Figure 1: C3 mechanism overview. Protocol-level replay, fixed-context alternatives, and leave-one-out credit assignment.

Key Results

Pareto return versus token budget   Learning dynamics comparison across methods

Main paper results: Sample-efficiency and performance trajectories against baseline methods (e.g., MAPPO, MAGRPO).

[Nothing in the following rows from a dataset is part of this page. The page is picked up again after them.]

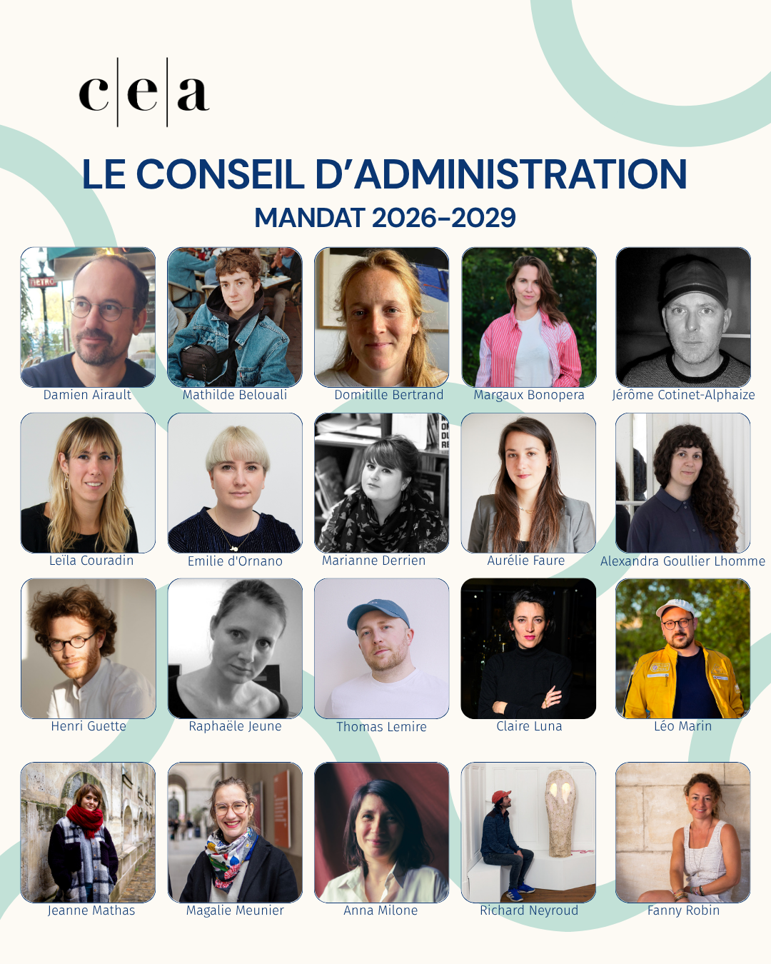Le Conseil d’Administration 2026-2029 se compose comme suit :
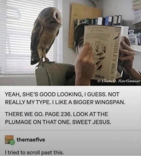 minus-squareAda@piefed.blahaj.zonelinkfedilinkEnglisharrow-up14·22 days agoPage 236 is Terns. I mean, if that’s what you’re in to…
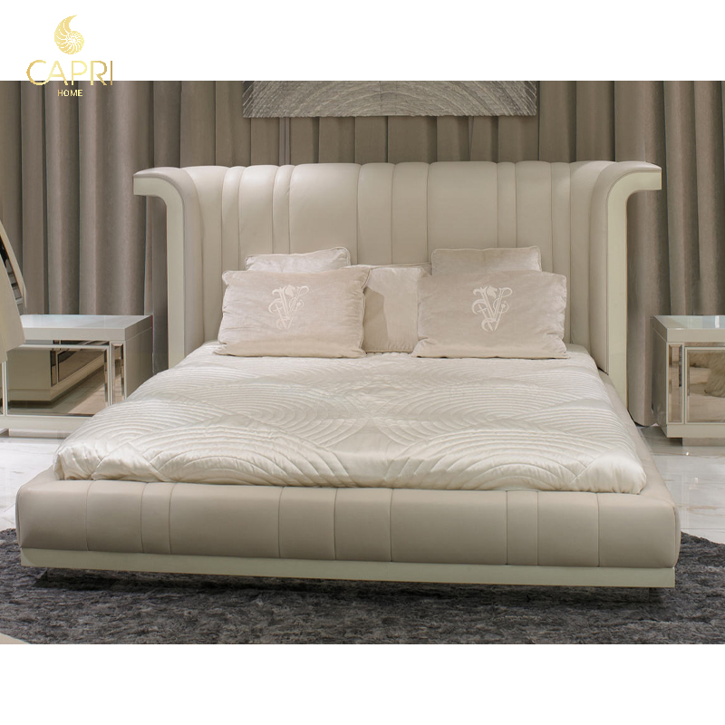 Giường Ngủ Đôi Cao Cấp Đầu giường: cấu trúc bằng ván ép tổ ong dương mm 25 với chất độn bằng ván ép mm 4. Viền dải lớn bằng gỗ sồi sơn mài bóng. Đệm bằng polyuretan D. 40 kg / m3 có lớp phủ D. 30 kg / m3. Cơ sở bằng gỗ được bao phủ bởi thép laminate. Vải bọc được làm bằng chần bông dọc có hỗ trợ bằng lớp polyurethane Memory Foam mm 20. Khung giường: bằng gỗ dương nhân gỗ mm 25 có dạng tổ ong với ván ép mm 4 và đệm bằng polyurethane D. 40 kg / m3. Vải bọc được làm bằng chần bông dọc với sự hỗ trợ trong lớp polyurethane Memory Foam mm 20. Đế bằng MDF sơn mài bóng trên nền gỗ được phủ bằng thép không gỉ đánh bóng. Bốn giá đỡ góc có góc cạnh và một thanh ngang trung tâm, bằng thép sơn, tạo nên phần cứng được bao gồm để lắp ráp chu vi giường và cố định tương đối với đầu giường để hỗ trợ, có thể điều chỉnh độ cao cho các thanh để xác định mức giường. Khăn phủ giường Porfirio.
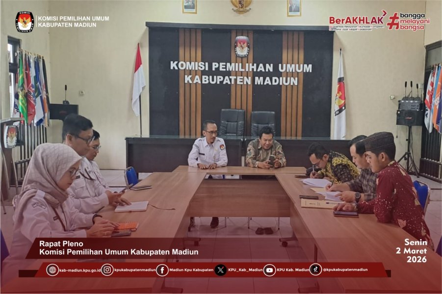 Madiun – Komisi Pemilihan Umum (KPU) Kabupaten Madiun menggelar rapat pleno pada Senin (2/3/2026) di Aula Kantor KPU Kabupaten Madiun. Rapat ini menjadi forum koordinasi internal untuk membahas sejumlah agenda kerja pada pekan pertama Maret.
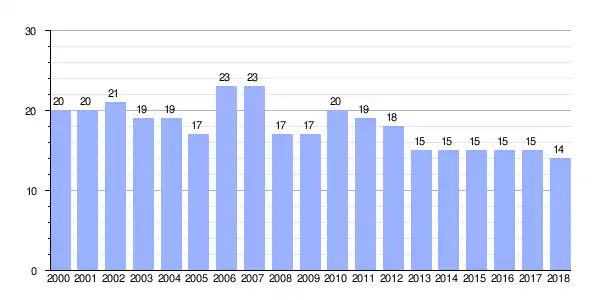 Gráfica de evolución demográfica de Jesta entre 2000 y 2018 |
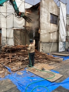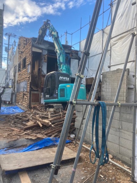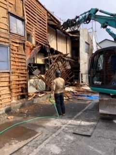 お隣の駐車場を貸して頂けたのでスムーズに解体出来ました。
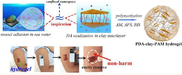 受限于聚合物网络结构以及含水量丰富的性质,水凝胶的力学性能较差,而生物支架或者软骨组织替代物对材料的韧性与机械强度都有一定的要求,因此适当提高水凝胶材料的力学性能能够促进其在生物医学领域的发展。鲁雄等人受到贻贝粘附现象的启发,发展了一种聚多巴胺-粘土-聚丙烯酰胺的水凝胶基胶带。在这种材料中,多巴胺插入粘土纳米片层中并在其中进行有限的氧化作用从而为纳米片层引入了丰富的自由邻苯二酚分子,可有效增强材料的粘性。随后丙烯酰胺单体也被引入并原位生成水凝胶。由于纳米粘土可的存在,水凝胶的韧性被大大增强,其粘性持续时间明显提高,可反复使用,更有利于药物分子的缓释作用。
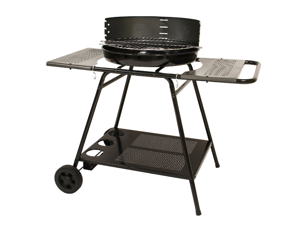 podvozek s bočními policemi a spodní policí s držáky na lahve, háčky jsou souástí balení, gril je vhodný pro 6/8 osob
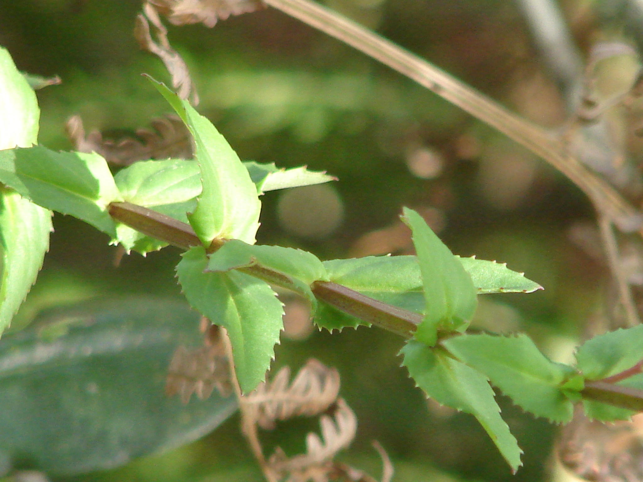 General notes: Valley thicket. Moderate slope. 1 - 1.5 m tall. Flowers borne on long spike - 2 horns underneath. Leaves alternate, margins toothed.
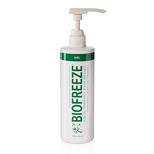 -. Feature : Biofreeze Pain Reliever is the #1 clinically used and recommended topical analgesic of hands-on healthcare professionals and for best results use in combination with their care (find one in your area on the Biofreeze website) / Chiropractors, physical therapists, massage therapists, podiatrists and athletic trainers use Biofreeze to provide immediate pain relief from many common conditions such as arthritis and other causes of muscle and joint pain / Biofreeze applies easily and penetrates quickly to relieve aches and pains related to sore muscles and joints, sprains, strains and bruises and can be applied for recovery to body parts such as the hand, wrist, elbow, foot, ankle, knee, hip, back, neck and shoulders / This legendary pain relief formula is NSAID-free, clinical research-proven, fast acting and long lasting, completely free of parabens and propylene glycol, made with USP grade ingredients, and available in both original green and dye-free versions / The 16 Ounce Gel Pump is particularly well-suited for massage applications on larger muscle areas that benefit from the hands-on approach and is recommended for practitioners who see less than 80 patients per week
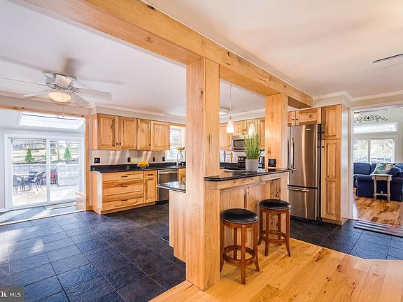 Come home to this peaceful oasis away from the hustle and bustle, as you settle in to this custom designed fully renovated home in Howard County's desirable Marriott's Ridge High School district. Sit out and relax on your covered front porch overlooking your 2.5 acres with rolling hills and spring water fed stream, or relax and listen to music with friends and family on your professionally installed 800sqft stone patio complete with High Fidelity audio system, that fills the space with wonderful sound. Patio also features a 7-person MasterSpa hot tub, a perfect way to melt your stresses away. This unique home gives you a feeling of being away from it all, while still just being a few minutes' ride from great schools, grocery stores like Harris Teeter, Giant, and Safeway, as well as fine restaurants and shopping at Turf Valley Resort. This home features a large country kitchen with solid hickory hardwood cabinets, granite counter tops and a breakfast bar, hardwood floors throughout, large living/family room with 14ft ceilings and it's own remote controlled heating and cooling system is perfect for family gatherings.The central heating and cooling system in house can be voice controlled using Alex or Google, thanks to the installation of the Ecobee digital thermostat. Large detached 2-car garage offers BONUS finished space above it, great for a movie room, a man-cave, playroom for kids, or even an additional bedroom for guests and your college age child. Invisible dog fence around the entire property. New hot water heater (2019) and water tank (2016). All the mechanicals have been recently checked as part of a regular maintenance program and are ready to provide years more of service. The septic has recently been pumped. Located centrally near the corner of MD-32, I-70, and Route 40, you can get anywhere easily and quickly.
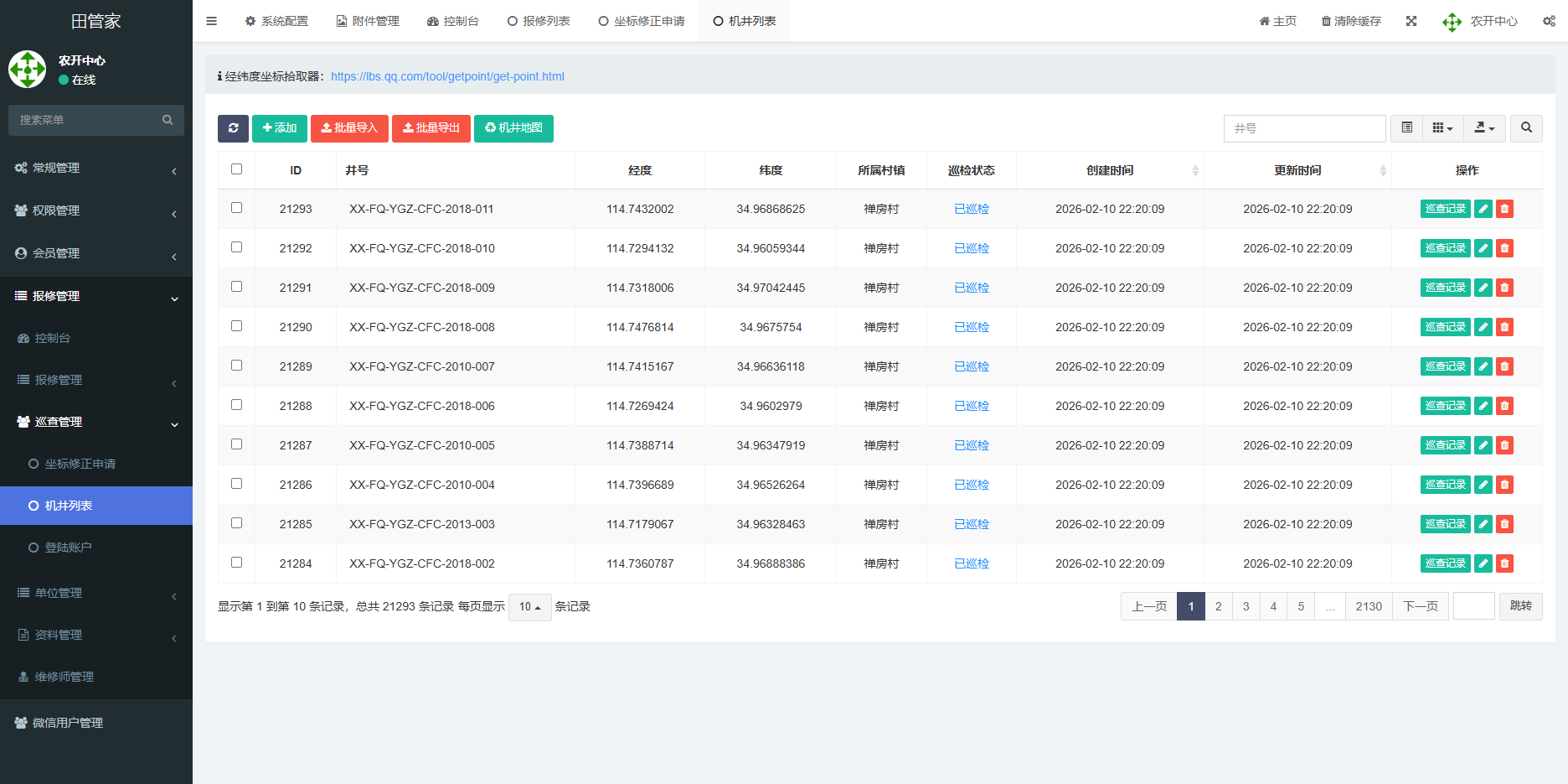 为确保管护形成闭环,小程序设置“最近报修”功能,农户可实时掌握维修进度,处置结果一目了然。维修人员通过专属模块接收工单,完成处置后在线录入报告,实现问题“早发现、快处置”。针对机井数量多、人工巡检难的痛点,“巡检管理”功能为管护人员提供数字化工具:登录后可查看所负责区域的所有机井点位,系统以“红黄绿”三色标注打卡状态,未巡检点位清晰可见。管护人员到达现场后,上传照片、确认部件状态并完成打卡,实现巡检全程可追溯,从源头保障春灌设施稳定运行。

C3 reaches superior performance given matched training token budgets.

Repository Purpose

C3 is a paper-aligned research codebase designed to support:

  • Protocol Reproduction: Executing the multi-agent task protocols described in the paper.
  • Experiment Execution: Running full training sweeps, evaluation-only probes, and performance analyses.
  • Implementation Audit: Providing a transparent mapping from theoretical mechanisms to executable code.
  • Extension and Testing: Modifying or testing the framework without relying on private paths or bundled artifacts.

Release Scope

To maintain a clean public-release surface, this repository does not distribute:

  • Prepared datasets
  • Trained model checkpoints
  • Cached model weights
  • Generated run-time artifacts (e.g., run logs, checkpoints, reports, and experiment outputs)

Corresponding local directories (data/, artifacts/, ckpt/, runs/, wandb/, models/) are treated as local working outputs and remain empty or absent in the public release. For details, see the Release Policy.

Repository Structure

  • c3/: Core C3 implementation, including multi-agent protocol handling, environments, credit assignment logic, and analysis tools.
  • openrlhf/: Vendored upstream RLHF training stack, augmented with C3-specific integration points.
  • configs/: Configurations for tasks, roles, analyses, execution registries, and data manifests.
  • scripts/: Entrypoints for data preparation, experiment reproduction, model utilities, and release gating.
  • docs/: Documentation covering release policies, implementation audits, upstream provenance, and data-source contracts.
  • project-page/: Static companion site for the paper, deployed via GitHub Pages.

Quick Navigation

System Requirements

  • OS: Linux (x86_64)
  • Python: 3.11
  • GPU Stack: NVIDIA GPUs with CUDA 12.8-compatible runtime
  • PyTorch: torch/torchaudio/torchvision == 2.9.0+cu128

If your execution environment differs substantially, you may need to manually adapt the pinned dependencies.

Installation

Create a standard Python environment, install the pinned stack, and validate the installation:

python -m pip install -U pip
python -m pip install -r requirements.txt --no-build-isolation
python -m pip check

Installation Notes:

  • requirements.txt acts as a strict full-lock snapshot to guarantee reproducibility.
  • --no-build-isolation is strongly recommended due to build-sensitive packages (e.g., flash_attn).
  • Experiment reproduction scripts automatically export the repository root to PYTHONPATH via scripts/reproduce/common_env.sh.
  • For lightweight local development or CI checks, an editable install is supported: python -m pip install -e .[test]

30-Second Quickstart

# 1. Install dependencies
python -m pip install -r requirements.txt --no-build-isolation

# 2. Prepare local datasets (datasets are not shipped with the repo)
bash scripts/data/prepare_all.sh --out_dir data

# 3. Run a fast E2E wiring smoke test
bash scripts/reproduce/smoke.sh --task math --limit 1 --print_example 0

Data Preparation

Prepared datasets are generated locally from strictly pinned upstream sources. They are not bundled with the codebase.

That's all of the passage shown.